Frequently Asked Questions

KDD Cup 2001: Molecular bioactivity; plus protein locale prediction

This page lists questions that were asked together with answers. Only questions of general interest appear here, without duplication; numerous other questions are omitted, as well as numerous other phrasings of questions that already appear here.

I would like to ask whether one can focus on the analysis of just one of the two dataset in order to participate to the KDD Cup.

Certainly. You may submit predictions for one, two, or all three tasks. Three winners will be identified, one for each of the three tasks: (1) prediction of active compounds for Dataset 1, (2) prediction of function for Dataset 2, (3) prediction of localization for Dataset 2.

Regarding Dataset 2, if the test data will contain the table similar to Interactions_relation will it contain data on interactions (test gene A - test gene B) in addition to interactions (test gene - learning gene) or the latter kind of interactions only?

The test data will contain interactions of both types, test genes with training genes and test genes with other test genes.

Regarding Dataset 1, can we expect that the ratio of the number of active compounds to the number of inactive compunds in the final test set to be roughly same as the ratio in the given training set?

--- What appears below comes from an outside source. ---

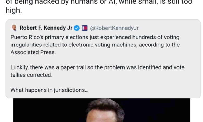 एलॉन मस्क याने अमेरिकेच्या राष्ट्राध्यक्ष पदाचे उमेदवार रॉबर्ट एफ केनडी यांच्या युनियर ही पोस्ट शेअर केली आहे. सोशल मीडिया प्लॅटफॉर्म X वर त्याने ईव्हीएम विषयी भावना व्यक्त केल्या आहेत. “इलेक्ट्रॉनिक वोटिंग मशीन नष्ट करायला हव्यात. या मशीन मानव आणि AI च्या मदतीने हॅक होण्याचा मोठा धोका आहे. हा धोका कमी आहे, पण त्याने मोठी गडबड उडते.”, असे मत त्याने पोस्टमध्ये व्यक्त केले.

No, and to keep this similar to the real-world scenario, we don't want to say what the ratio is. But being generous people grin, we will give away 2 items of information. (1) The compounds in the test set were made after chemists saw the activity results for the training set, so as you might expect the test set has a higher fraction of actives than did the training set. (2) Nevertheless, the test set still has more inactives than actives. We realize our method of testing makes the task tougher than it would be with the standard assumption that test data are drawn according to the same distribution as the training data. But this is a common scenario for those working in the pharmaceutical industry.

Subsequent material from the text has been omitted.